With the pictures left out, write every entry down exactly.

(Stored entries)
◇ ◇ ◇ ◇ ◇
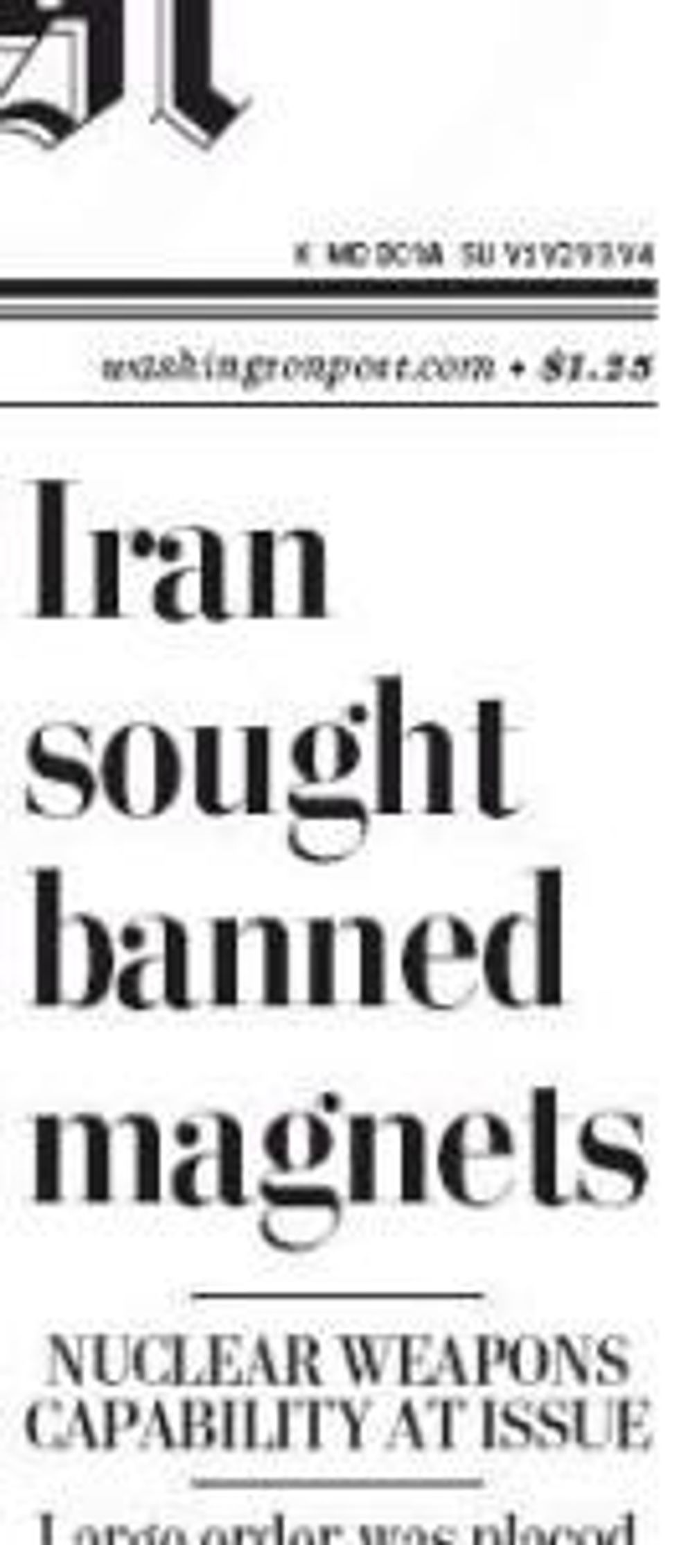 It's worth noting that back in 2002 there was one newspaper that poured cold water on the Iraq tubes story. It was the Washington Post. The reporter? The same Joby Warrick who wrote this story about Iranian magnets. And whose expertise did he rely on? David Albright of ISIS-the very same person pushing the Iran story now.
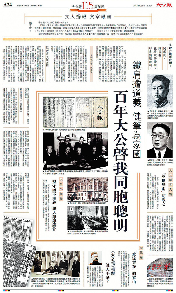 圖:《大公報》一百一十五周年報慶紀念專版首版闡釋創辦伊始\大公報資料圖片
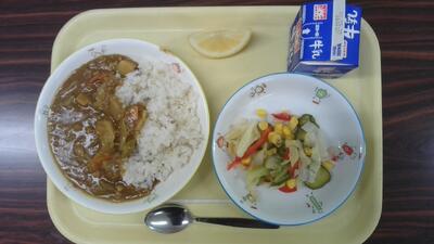 麦ごはん・春の野菜カレー・コーンサラダ・こなつ(柑橘類)・牛乳でした。カレーは、定番のジャガイモ・玉ねぎ・人参に加え、「春野菜」のキャベツ・たけのこ、アスパラガスが入っていました。
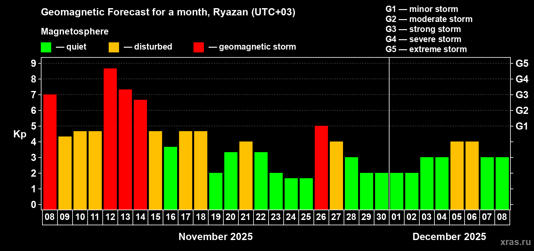 Geomagnetic storm forecast in Ryazan for Nov 08, 2025
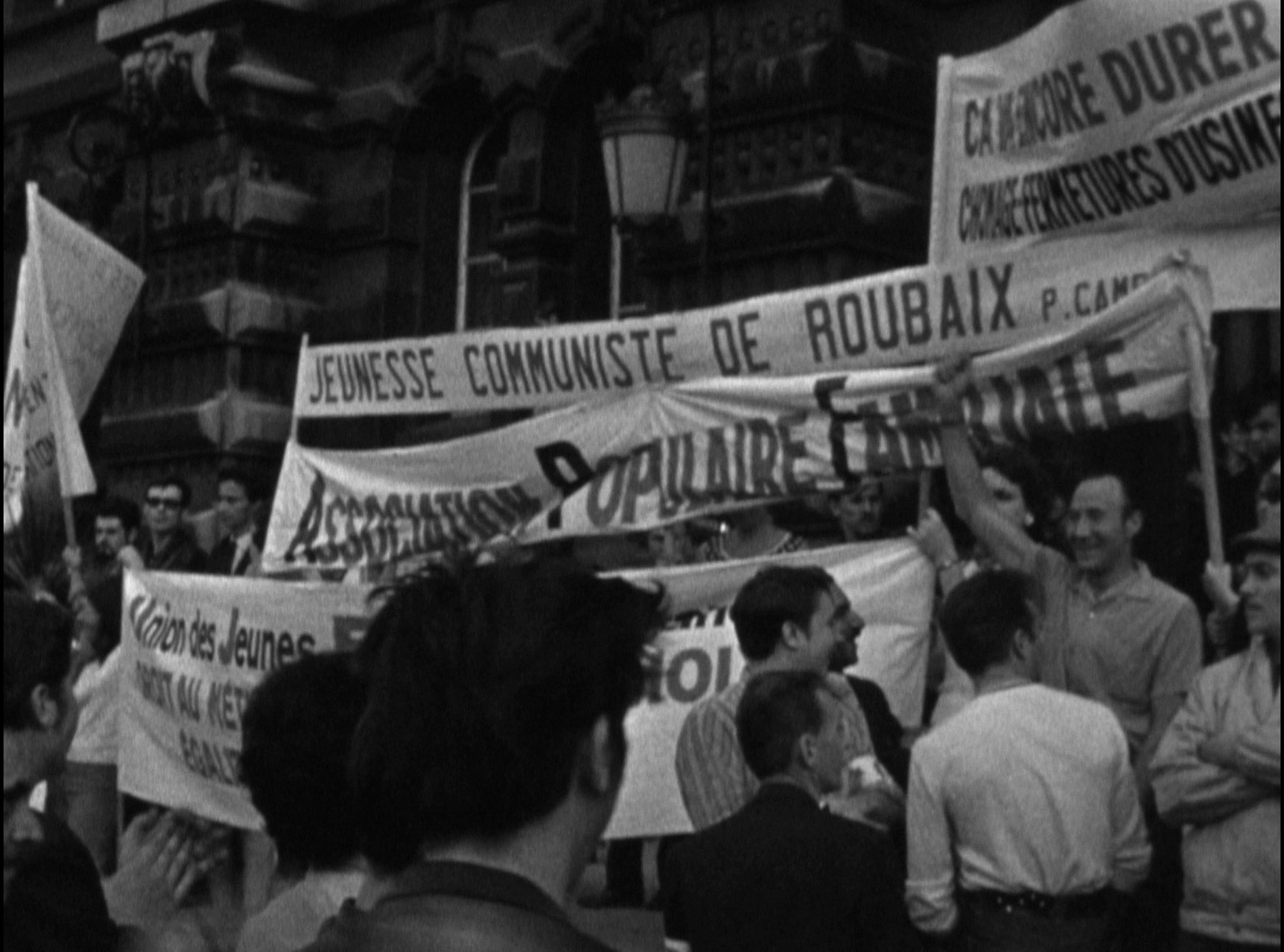 Les manifestants sont regroupés sur la place de la mairie de Roubaix. On reconnaît les deux dirigeants de l'Union départementale CGT Emile Duhamel et François Dumez. Quelques slogans relevés sur les banderoles : "Pour le droit au travail", "Non aux fermetures d'usines", "CGT Textile Roubaix : Non au chômage". La séquence suivante montre l'épouse du cinéaste, Lucienne Charret, avec un enfant.
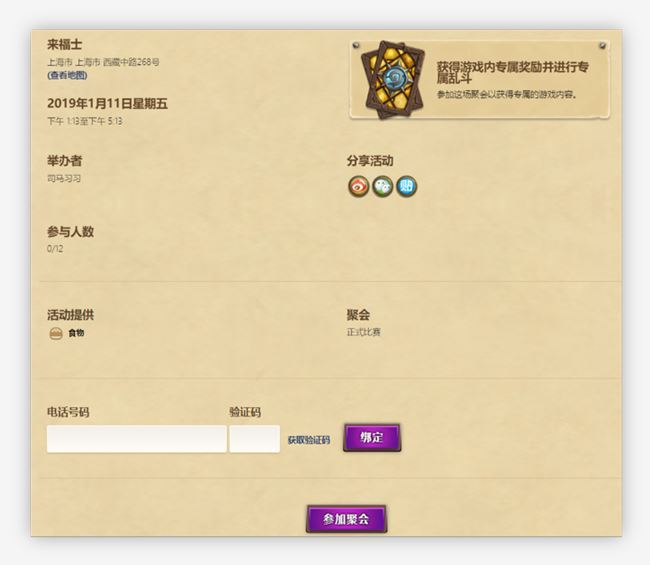 申办炉边聚会的组织需提供活动场所,场地需可容纳前来参加活动的所有炉石玩家
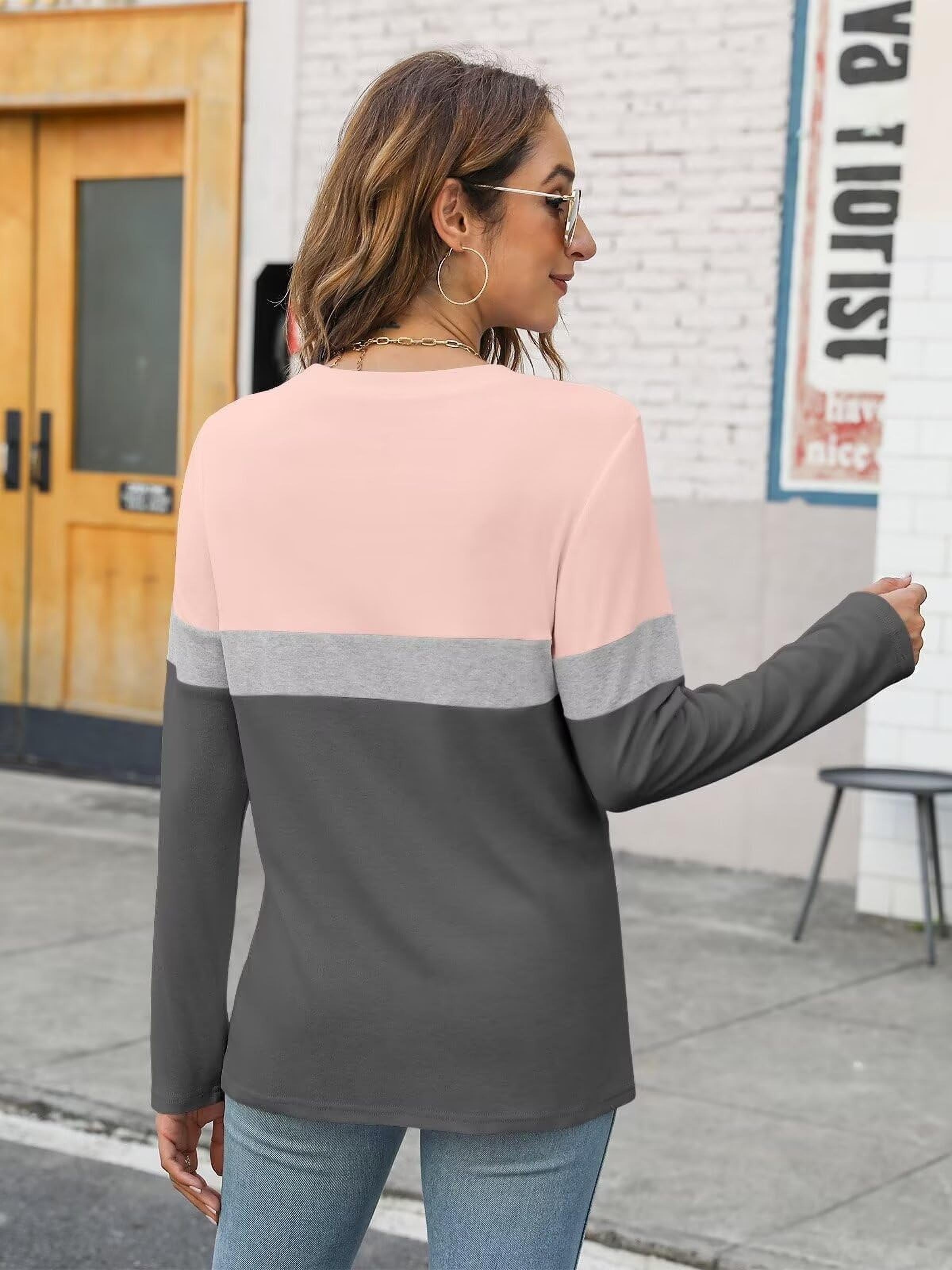 Tooluck Plus Size Women's Casual Color Block Long Sleeve Tops Crew Neck Loose Fit Blouses
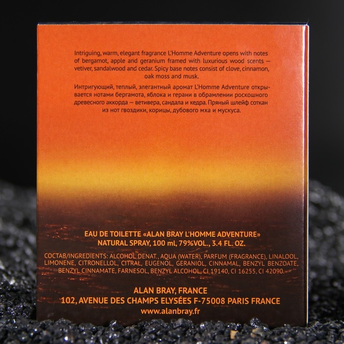 Интригующий, теплый, элегантный аромат Alan Bray L’HOMME Adventure открывается нотами бергамота, яблока и герани в обрамлении роскошного древесного аккорда - ветивера, сандала и кедра. Пряный шлейф соткан из нот гвоздики, корицы, дубового мха и мускуса.
◇ ◇ ◇ ◇ ◇
Problem solution =
 It's worth noting that back in 2002 there was one newspaper that poured cold water on the Iraq tubes story. It was the Washington Post. The reporter? The same Joby Warrick who wrote this story about Iranian magnets. And whose expertise did he rely on? David Albright of ISIS-the very same person pushing the Iran story now.
 圖:《大公報》一百一十五周年報慶紀念專版首版闡釋創辦伊始\大公報資料圖片
 麦ごはん・春の野菜カレー・コーンサラダ・こなつ(柑橘類)・牛乳でした。カレーは、定番のジャガイモ・玉ねぎ・人参に加え、「春野菜」のキャベツ・たけのこ、アスパラガスが入っていました。
 Geomagnetic storm forecast in Ryazan for Nov 08, 2025
 Les manifestants sont regroupés sur la place de la mairie de Roubaix. On reconnaît les deux dirigeants de l'Union départementale CGT Emile Duhamel et François Dumez. Quelques slogans relevés sur les banderoles : "Pour le droit au travail", "Non aux fermetures d'usines", "CGT Textile Roubaix : Non au chômage". La séquence suivante montre l'épouse du cinéaste, Lucienne Charret, avec un enfant.
 申办炉边聚会的组织需提供活动场所,场地需可容纳前来参加活动的所有炉石玩家
 Tooluck Plus Size Women's Casual Color Block Long Sleeve Tops Crew Neck Loose Fit Blouses
 Интригующий, теплый, элегантный аромат Alan Bray L’HOMME Adventure открывается нотами бергамота, яблока и герани в обрамлении роскошного древесного аккорда - ветивера, сандала и кедра. Пряный шлейф соткан из нот гвоздики, корицы, дубового мха и мускуса.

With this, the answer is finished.